::: RAW DATA :::
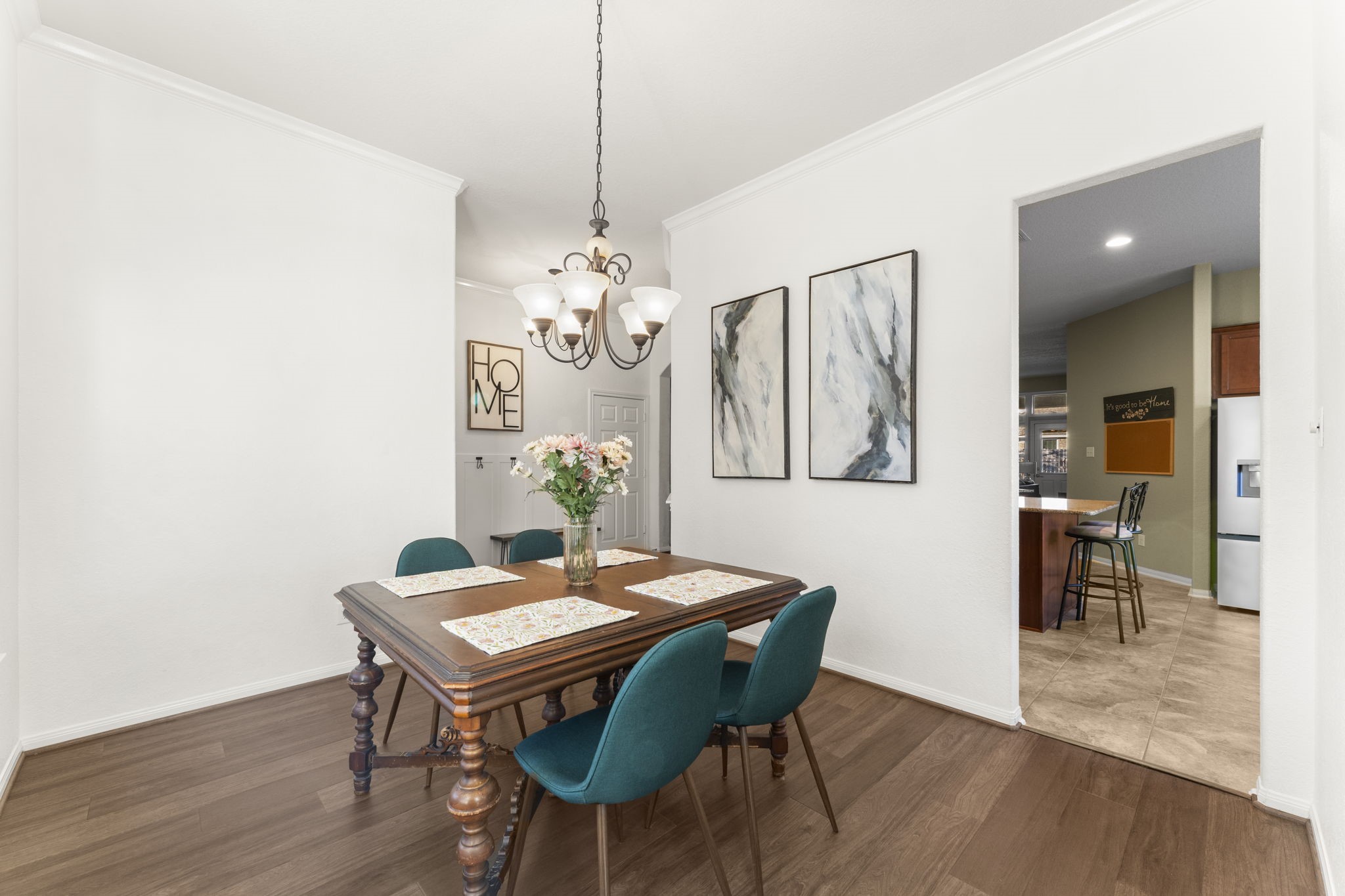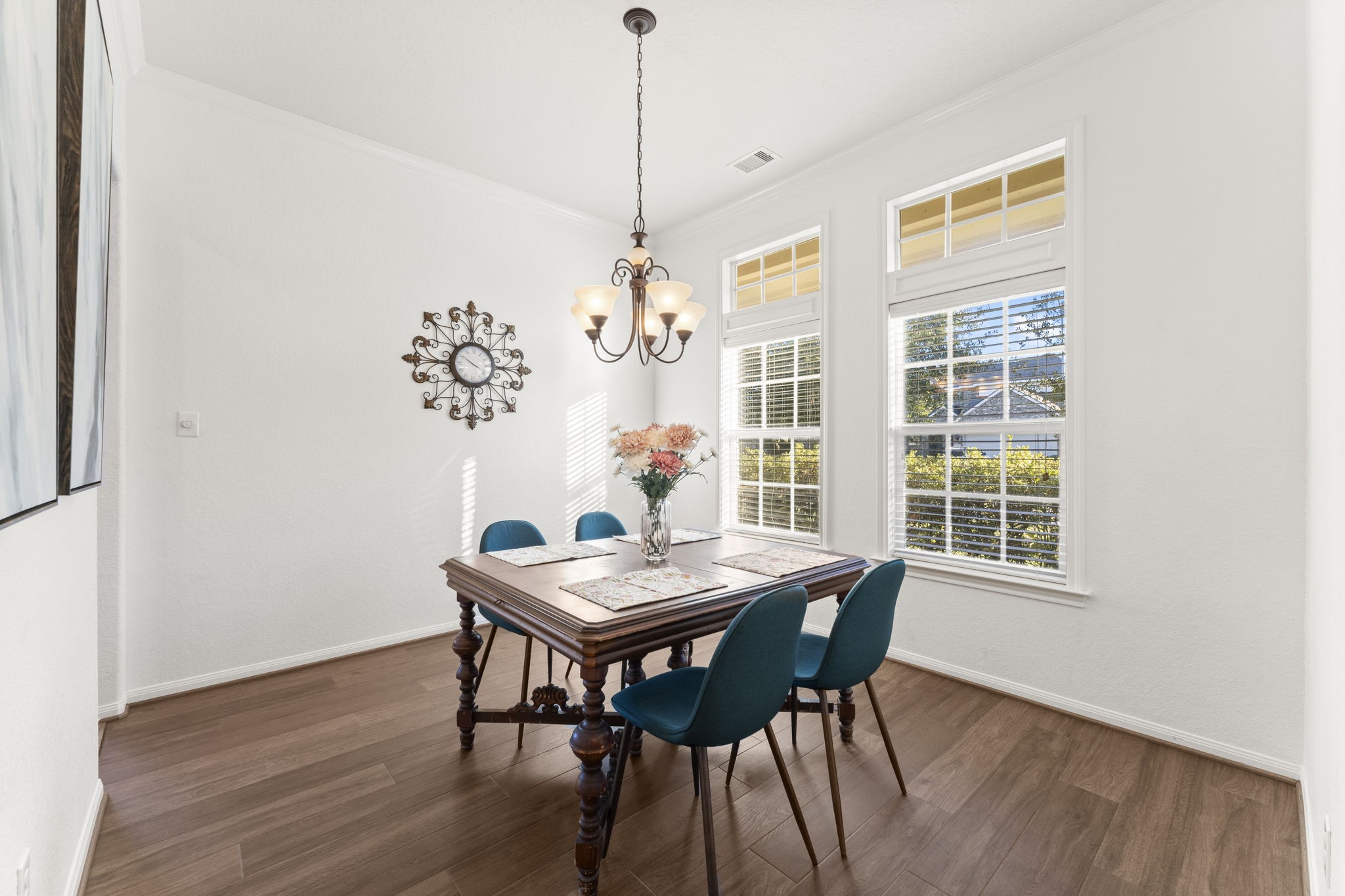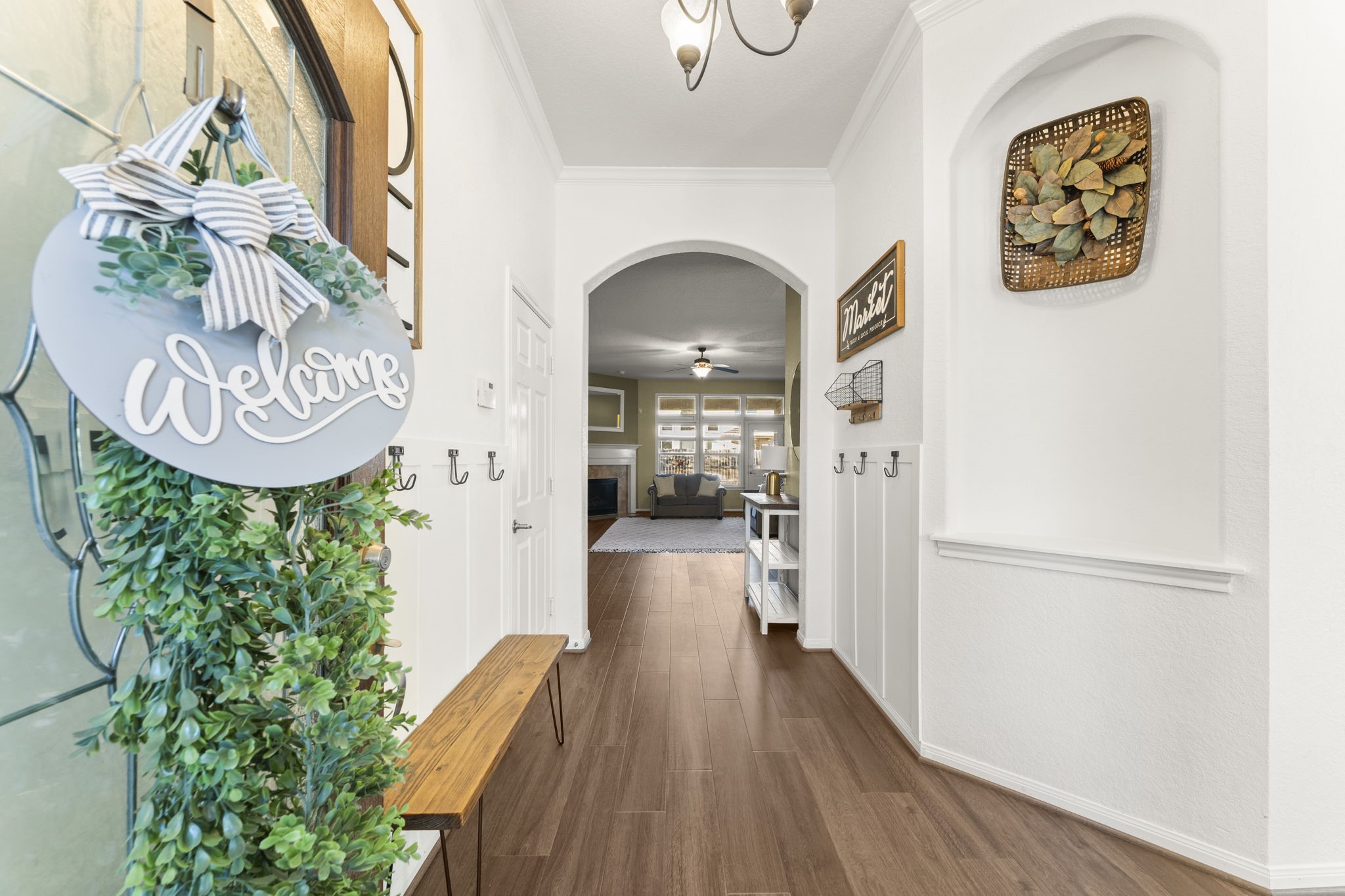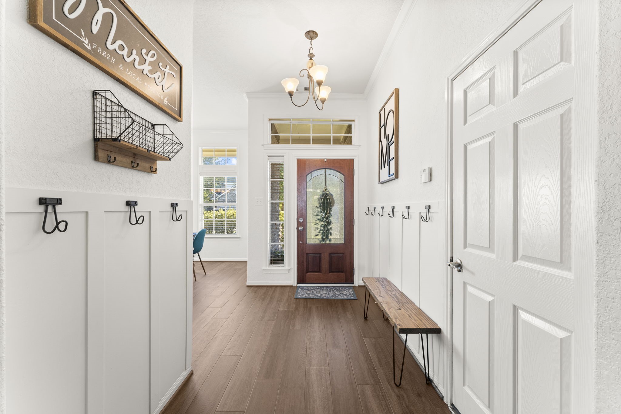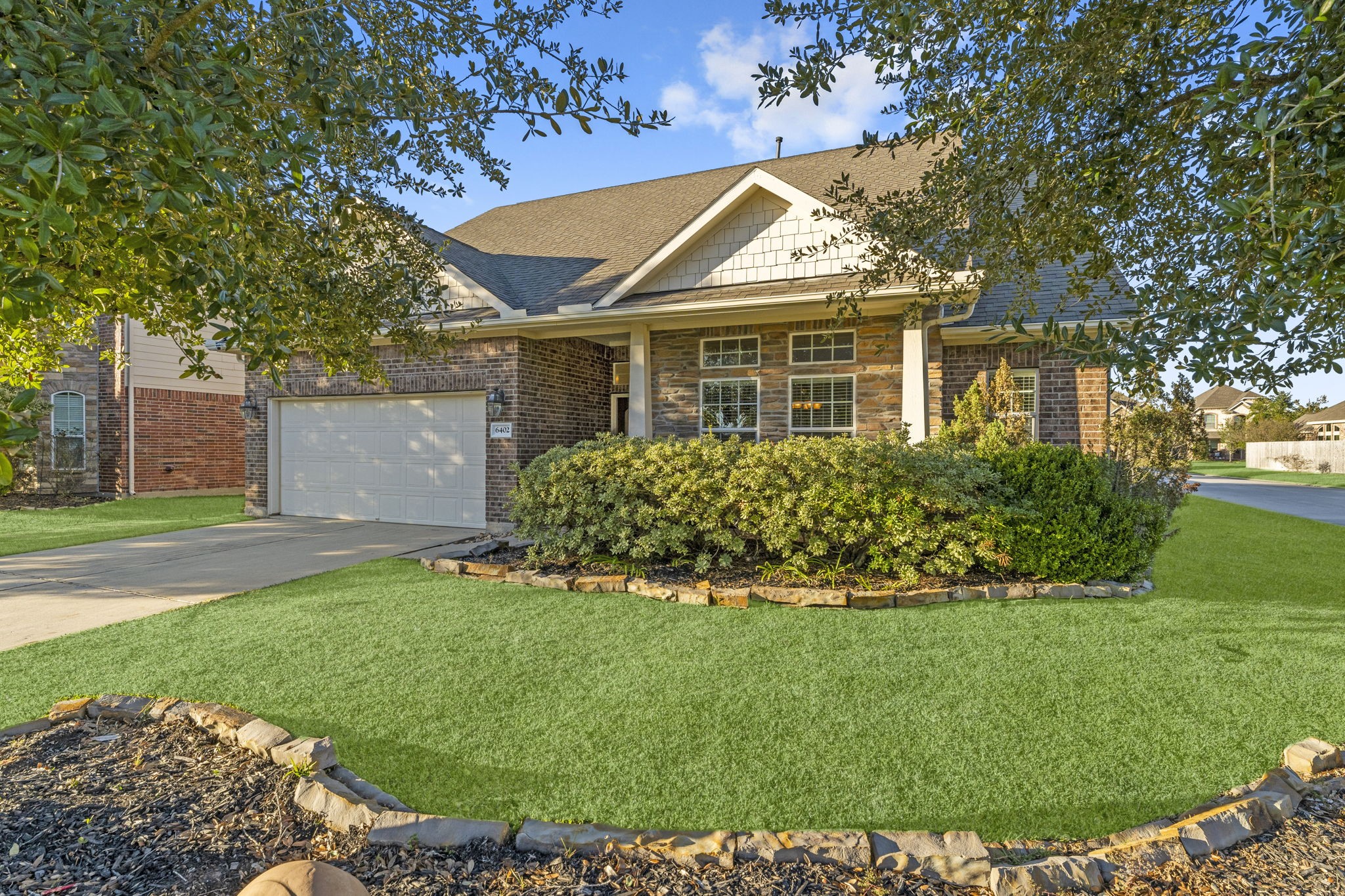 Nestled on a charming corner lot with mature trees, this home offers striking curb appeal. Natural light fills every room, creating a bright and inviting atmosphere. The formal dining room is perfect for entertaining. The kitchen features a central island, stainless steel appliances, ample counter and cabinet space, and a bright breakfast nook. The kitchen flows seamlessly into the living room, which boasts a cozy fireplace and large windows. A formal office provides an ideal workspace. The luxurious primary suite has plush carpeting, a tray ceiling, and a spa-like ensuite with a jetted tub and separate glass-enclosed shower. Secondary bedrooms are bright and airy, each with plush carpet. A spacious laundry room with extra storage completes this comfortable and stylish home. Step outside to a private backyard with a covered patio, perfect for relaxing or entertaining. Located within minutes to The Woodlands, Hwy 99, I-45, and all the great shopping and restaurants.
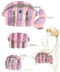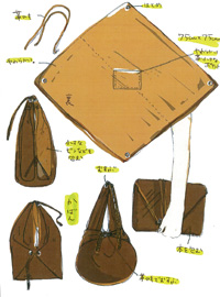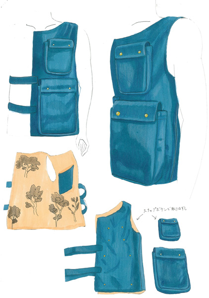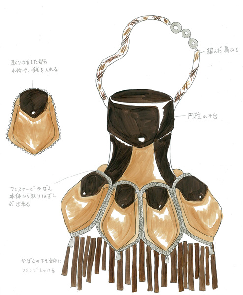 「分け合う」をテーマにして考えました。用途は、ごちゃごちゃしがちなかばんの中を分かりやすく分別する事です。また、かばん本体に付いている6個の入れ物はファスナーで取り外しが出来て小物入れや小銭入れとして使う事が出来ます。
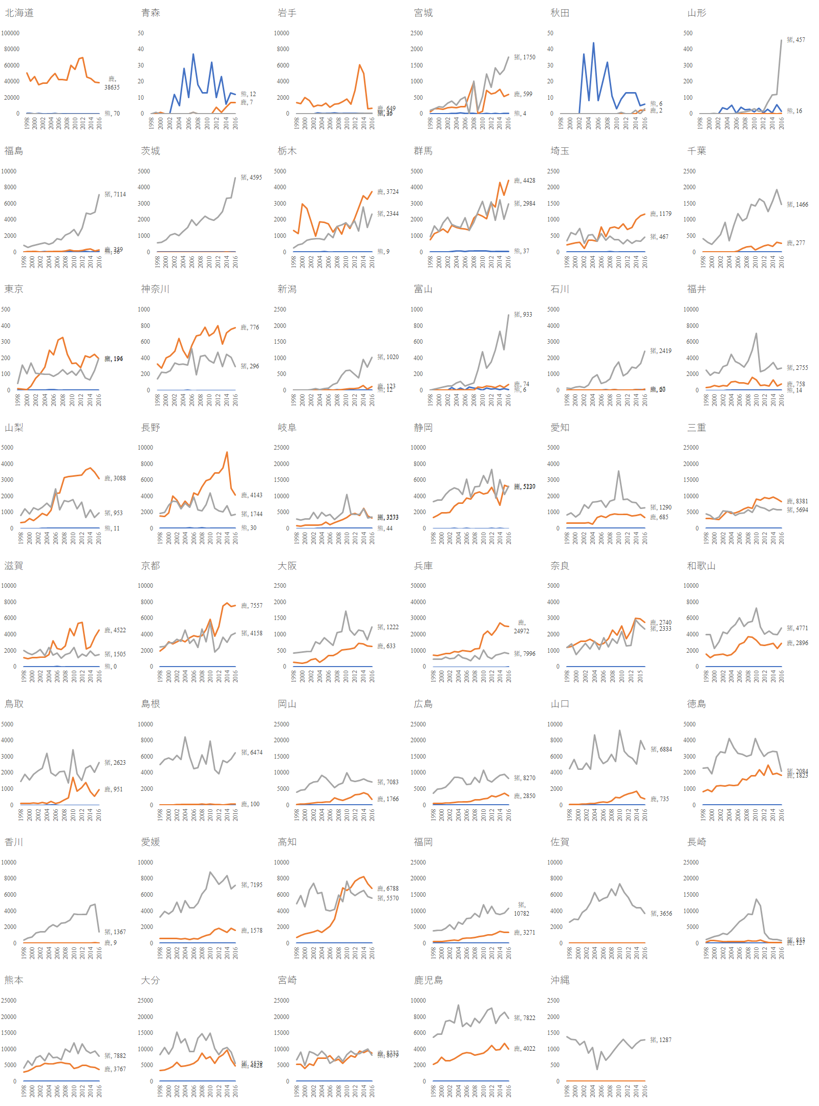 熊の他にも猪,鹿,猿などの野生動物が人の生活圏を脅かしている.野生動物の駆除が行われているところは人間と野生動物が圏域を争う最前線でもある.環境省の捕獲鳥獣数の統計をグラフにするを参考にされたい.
:::
* **WORK TO BE COMPLETED**:
Reproduce all of the material exactly, apart from the pictures.

* **OUTPUT FOR THIS TASK**:
 Nestled on a charming corner lot with mature trees, this home offers striking curb appeal. Natural light fills every room, creating a bright and inviting atmosphere. The formal dining room is perfect for entertaining. The kitchen features a central island, stainless steel appliances, ample counter and cabinet space, and a bright breakfast nook. The kitchen flows seamlessly into the living room, which boasts a cozy fireplace and large windows. A formal office provides an ideal workspace. The luxurious primary suite has plush carpeting, a tray ceiling, and a spa-like ensuite with a jetted tub and separate glass-enclosed shower. Secondary bedrooms are bright and airy, each with plush carpet. A spacious laundry room with extra storage completes this comfortable and stylish home. Step outside to a private backyard with a covered patio, perfect for relaxing or entertaining. Located within minutes to The Woodlands, Hwy 99, I-45, and all the great shopping and restaurants.
 「分け合う」をテーマにして考えました。用途は、ごちゃごちゃしがちなかばんの中を分かりやすく分別する事です。また、かばん本体に付いている6個の入れ物はファスナーで取り外しが出来て小物入れや小銭入れとして使う事が出来ます。
 熊の他にも猪,鹿,猿などの野生動物が人の生活圏を脅かしている.野生動物の駆除が行われているところは人間と野生動物が圏域を争う最前線でもある.環境省の捕獲鳥獣数の統計をグラフにするを参考にされたい.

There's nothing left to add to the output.